Since U.S. lawmakers passed a law in 1992 encouraging “performance-based” pay, the share of stock options in executive compensation has steadily increased, said David Bixby, head of the Houston office for Pearl Meyer compensation consultants.
“Now, you’re looking at 70 to 80 percent of CEO compensation in stock on average for oil and gas companies,” he said. “They are going to be exposed to commodity price cycles.”
ACROBATS AND FOR SALE SIGN
For example, former oil executive, Kolja Rockov, whose extravagant wedding with dancers and acrobats became a local online sensation three years ago, briefly put his unfinished mansion on the market for $6.9 million, according to listings. Work appeared to stall on his house as an SEC filing showed he involuntarily sold 239,000 shares of the company’s tanking stock he had used as a collateral for a loan. Rockov lost his job as Linn Energy LLC’s (LINE.O) CFO in August.
Rockov could not be reached for comment.
Luxury car sales are also slower in Houston than in other parts of the state and the country.
“If you’re working for an energy company, you see all this stress around you, it might nick your purchase confidence, even if you are fairly high income,” Earl Hesterberg, chief executive of Houston-based Group 1 Automotive Inc (GPI.N), told Reuters.
He said excess inventory was most acute for top line BMW (BMWG.DE) and Mercedes-Benz (DAIGn.DE) models in Texas and Oklahoma.
In a nod to the downturn, Ouisie’s Table, a River Oaks institution, is now offering its “Oil Barrel Bargain,” a three course dinner for the price of a barrel of oil, now around $30.
To be sure, oil executives are not alone in feeling the pain. Many blue collar jobs in oilfield equipment production have disappeared. So have thousands of middle management jobs in oil exploration and production. A regular Uber customer is likely at some point to ride with a former energy industry professional.
“It pays for the mortgage,” said Matthew Clemonds, who once did mapping for pipeline companies and now works for the ride-sharing company.
Job growth has slowed to a crawl from the breakneck pace of 100,000 a year during the oil boom; housing starts are down and subleasing of new office space is rising, according to government data and NAI Partners, a real estate consultancy.

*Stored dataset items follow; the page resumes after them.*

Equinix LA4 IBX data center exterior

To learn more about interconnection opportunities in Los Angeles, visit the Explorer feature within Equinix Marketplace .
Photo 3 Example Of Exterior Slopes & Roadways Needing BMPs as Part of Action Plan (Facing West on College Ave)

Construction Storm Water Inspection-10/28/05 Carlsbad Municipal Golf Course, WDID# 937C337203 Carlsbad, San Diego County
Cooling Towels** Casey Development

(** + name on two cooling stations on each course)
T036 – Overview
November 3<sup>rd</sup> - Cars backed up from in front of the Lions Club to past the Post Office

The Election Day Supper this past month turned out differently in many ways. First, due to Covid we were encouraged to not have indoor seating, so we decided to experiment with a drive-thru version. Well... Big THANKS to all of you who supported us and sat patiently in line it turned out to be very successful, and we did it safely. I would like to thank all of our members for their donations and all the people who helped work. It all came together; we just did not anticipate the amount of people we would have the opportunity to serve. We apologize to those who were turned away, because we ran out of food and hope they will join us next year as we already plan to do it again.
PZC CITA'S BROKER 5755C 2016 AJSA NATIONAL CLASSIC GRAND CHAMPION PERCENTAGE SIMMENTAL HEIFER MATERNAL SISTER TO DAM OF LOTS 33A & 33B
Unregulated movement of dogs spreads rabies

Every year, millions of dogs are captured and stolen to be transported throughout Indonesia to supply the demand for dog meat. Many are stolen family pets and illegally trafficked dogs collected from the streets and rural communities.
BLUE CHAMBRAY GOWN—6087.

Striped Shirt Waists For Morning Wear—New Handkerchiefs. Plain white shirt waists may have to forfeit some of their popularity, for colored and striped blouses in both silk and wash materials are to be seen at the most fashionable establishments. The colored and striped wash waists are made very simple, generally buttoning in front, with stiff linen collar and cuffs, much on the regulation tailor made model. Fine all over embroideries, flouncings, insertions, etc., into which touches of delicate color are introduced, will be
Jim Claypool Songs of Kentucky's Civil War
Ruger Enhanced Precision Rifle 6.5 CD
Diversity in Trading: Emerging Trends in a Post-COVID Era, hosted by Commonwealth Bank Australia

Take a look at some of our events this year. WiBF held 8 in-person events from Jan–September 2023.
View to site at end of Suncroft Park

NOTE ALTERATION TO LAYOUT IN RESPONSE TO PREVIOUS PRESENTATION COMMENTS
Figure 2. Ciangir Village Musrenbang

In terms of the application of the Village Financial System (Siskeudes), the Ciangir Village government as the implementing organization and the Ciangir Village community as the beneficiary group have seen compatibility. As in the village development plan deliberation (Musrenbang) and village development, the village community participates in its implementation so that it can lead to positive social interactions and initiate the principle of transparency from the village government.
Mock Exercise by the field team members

But so far, owing to its diversity, the metropolitan economy has shown remarkable resilience, adding 20,000 jobs to just over 3 million last year.
For example, Houston is home to the Texas Medical Center, the world’s largest cluster of hospitals, research facilities and affiliated universities, which says it employs 106,000.
In the energy sector, about $50 billion being invested in new petrochemical plants to take advantage of cheap supplies is helping offset upstream job losses.
“This is the best oil price downturn we have ever had,” said Ted Jones, chief economist at Stewart Title Guaranty Company. “We still have more jobs than we have ever had in history.”
Bill Gilmer, a University of Houston economist, says so far it has paid off to tough it out through oil’s booms and busts and notes that ever since 1969 Houston has consistently ranked among the fastest growing U.S. cities.
“The only problem is that it can be a rollercoaster.”